GIVEN DATA:
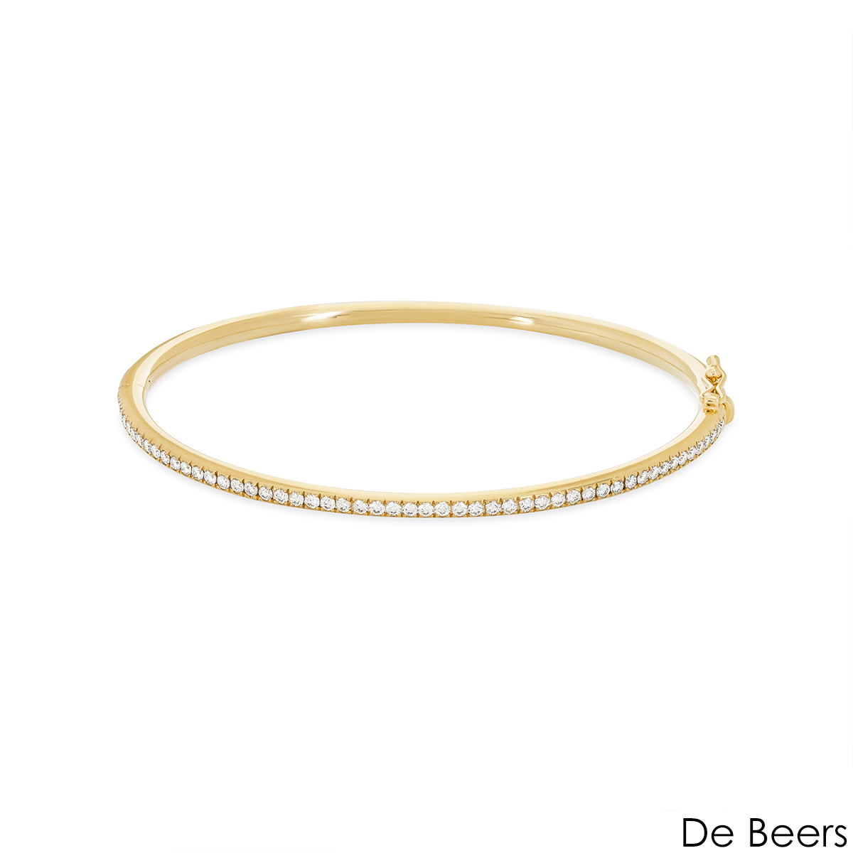 A timeless 18k yellow gold diamond bangle by De Beers from the Classics collection. This bangle features 52 micropavé set round brilliant cut diamonds totalling 0.64ct, predominately F-G colour and VS clarity. The bangle fits a wrist size of up to 16cm, finishes with a hinged box clasp with an additional figure 8 fitting for extra security and has a gross weight of 13.4 grams.
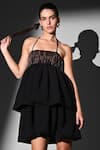 Black Embroidery Open Neck Brown Tier Dress With Threadwork
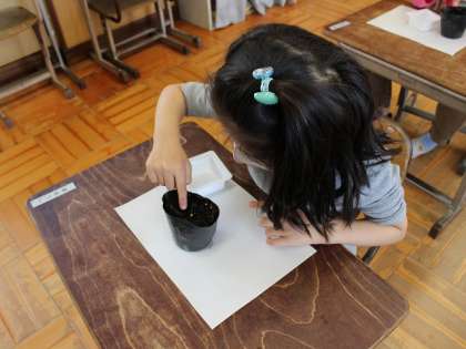総合的な学習の時間や生活科の時間では,ケナフとサツマイモを育てていきます。まずはケナフの種を観察して,ポットに植えます。人差し指の第一関節まで掘った穴に種を植え,優しく土をかぶせます。みんな大切に種を植えていました。
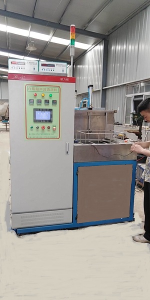 本装置为利用清洗剂作为清洗介质,在喷淋和洗剂物理化学的反应促进作用、局部的高温高圧和搅拌作用及清洗液中产生自由基等(空化作用)达到分离作用,促使污垢或颗粒从清洗物的表面上剥离,从而达到清洗的目的,清洗完毕输送至风切段进行风切、干燥;然后经过人工转入下道工序。

ACTIVITY: From the line holding "Black Embroidery Open" to the last line of the listing, please output each line exactly as it stands. Pictures stay out of the copy.

SOLUTION TO THE EXERCISE:
 Black Embroidery Open Neck Brown Tier Dress With Threadwork
総合的な学習の時間や生活科の時間では,ケナフとサツマイモを育てていきます。まずはケナフの種を観察して,ポットに植えます。人差し指の第一関節まで掘った穴に種を植え,優しく土をかぶせます。みんな大切に種を植えていました。
 本装置为利用清洗剂作为清洗介质,在喷淋和洗剂物理化学的反应促进作用、局部的高温高圧和搅拌作用及清洗液中产生自由基等(空化作用)达到分离作用,促使污垢或颗粒从清洗物的表面上剥离,从而达到清洗的目的,清洗完毕输送至风切段进行风切、干燥;然后经过人工转入下道工序。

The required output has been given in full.